With one year left before the close of the EU settlement scheme on 30 June 2021, this report looks at what the UK government needs to do to make sure no eligible child living in the UK is left without status.
Coram Children’s Legal Centres new report Children left out? Securing children’s rights to stay in the UK beyond Brexit draws from the lessons and experiences of CCLC’s advice and casework on the EU settlement scheme, through which we have supported hundreds of children and young people since the scheme was piloted in November 2018. The cases we have supported are unusually complex, and as such, they provide insight into the glitches in the scheme, its blind spots and its blurred edges.
These complex cases also foretell the kinds of applications which are likely to be still unresolved towards the end of the scheme when simpler applications have been neatly dealt with, as well as those that will still be yet to be made after the deadline because they have fallen through the cracks.

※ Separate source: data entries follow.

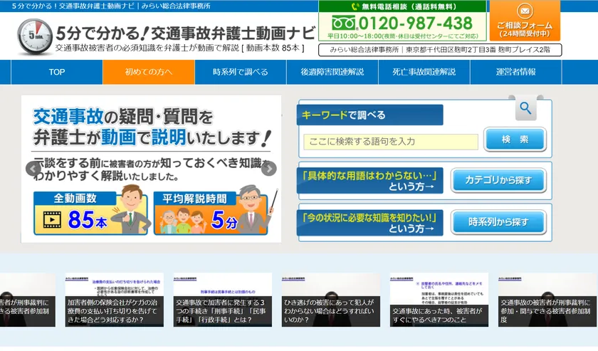 当サイトは、被害者の置かれた状況ごとにカテゴリ分けしており、被害者が知りたい情報にたどり着きやすい動画解説WEBサイトとして構成しています。各テーマの解説時間は5分以内で、理解しやすい内容となっており、交通事故被害で苦しんでいる方々に知っていただきたい情報配信に努めています。
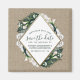 Calla Lily Burlap Bröllop spara datum Magnets - har en bakgrund med en sammanbrott med snöre och blommigt inslag av fern, calla lily single blommor, baby utandning, löv och mycket mer. Textrutan är en elegant triangel med faux foil guld tryckt ram. Den här samlingen innehåller elegant för skogsområden, bohemer (boho), land, rustika och andra liknande bröllop-teman.
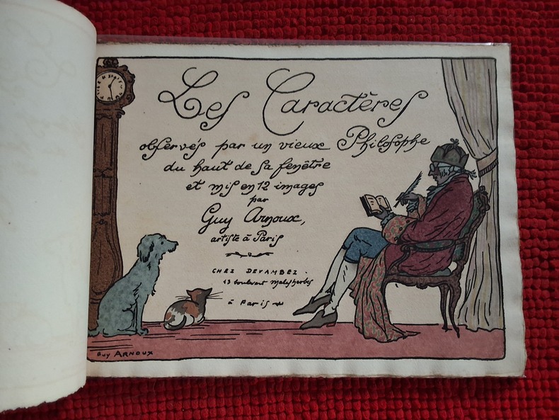 Paris, Devambez, s.d. (1920); in-4 à l'italienne, cart. bradel recouvert d'une toile fleurie, pièce imprimée sur le plat. (Reliure de l'éditeur). 28 pp. (texte). Titre illustré et 12 planches en couleurs. Guy Arnoux est le créateur d'un nouvel art populaire d'un caractère archaïque et moderne à la fois. Il reprend la technique de la gravure sur bois coloriée au pochoir. Les caractères représentés ici sont le gaillard, l'aventureux, le déterminé, le transi, l'impatient, l'empressé, l'avantageux, le jaloux, l'indifférent, le fâcheux, l'indiscret, l'officieux. Les scènes se déroulent sous le Règne de Louis XV. Tirage limité à 500 exemplaires numérotés. Celui-ci sur papier Ingres d'Arches porte in-fine la signature de l'éditeur.
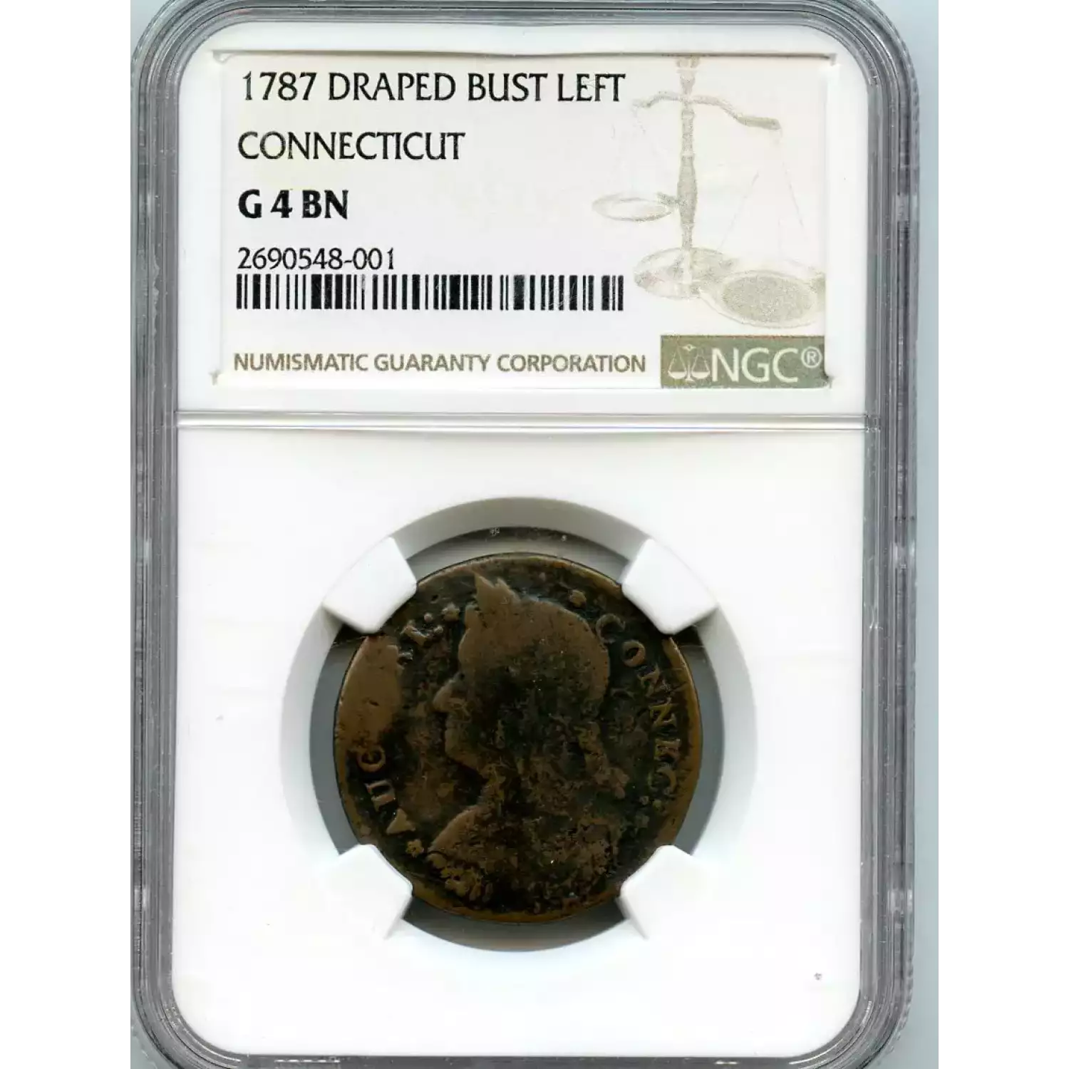 510855 | 1787-G-4 Post Colonial Issues Connecticut - Copper NGC G-4 BN | NGC | G-4 | Sold: 21/05/2018 | $135 |
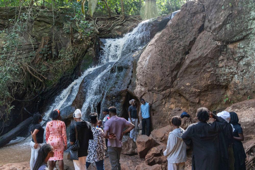 ↑在肯尼亚首都内罗毕,人们在卡鲁拉森林中的一处瀑布前游览(1月25日摄)。
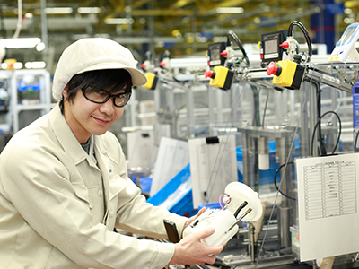 生産技術課に所属しています。生産ラインの構築や改良、生産工程における問題の改善、必要な設備導入の検討、製造原価の企画、安全管理など業務は多岐に渡り幅広い知識が必要な部署です。「良い品質を保って生産するためには、設備をどのような仕様にすればよいのか」「より効率的に製造するための環境は整っているか」「より低コストで製造する為の改良点はあるか」「作業する方が安全に作業できているか」「この工程で納期通りに製造できるか」などを常に考え、計画を立てたり提案や改善を行っています。

With more than 900,000 eligible EEA citizen children thought to have been living in the UK in 2017, only 412,820 children had been granted status under settlement scheme by 31 March 2020. Of these, there are an estimated 9000 children and young people in the care system who were eligible, but UK local authorities – with a duty of care to these vulnerable children – have secured status for fewer than 500 according to one estimate.
Many of these children will be British citizens, either automatically by birth or through registration. However, as previously outlined by CCLC, many parents simply do not know whether or not their child is a British citizen or can apply to register as one, in large part due to the complexity of UK nationality law.
The consequences of children missing the deadline
And while the Government is focusing on the high numbers of applications to the settlement scheme overall, there is a real risk that it is not recognising the particular gap when it comes to children’s applications, says the report. If children do not get status, on 1 July next year they will become undocumented, living in the UK unlawfully and subject to hostile environment policies which restrict access to homes, healthcare, education, work, benefits, bank accounts and driving licences. They would be liable to be removed from the UK, even if this is where they grew up.
Children left out? makes a number of key recommendations for the Home Office, local authorities and wider government.
- Scrapping the prohibitively expensive £1012 citizenship fee currently charged to children, which prevents many children from accessing their rights.
- Many children and young people in the care system who need to apply have yet to even be identified. The government must work with local authorities and civil society to make and resource a comprehensive plan to find and support every single child and young person as a matter of urgency.
- In fifteen months just over 400,000 children have applied to the EU settlement scheme, but a great many complex cases remain. The remaining children need more time: the deadline to the settlement scheme must be extended.
- If they do not apply in time, children and young people eligible under the EU settlement scheme must not be brought under existing long and expensive routes in the immigration system that are currently failing other children and young people, once the deadline has expired.
The report also makes recommendations for changes to the scheme that would help the children, young people and families who are currently struggling. This includes care leavers, children and young adults in custody, children and other family members from outside the EEA, and children in single-parent families.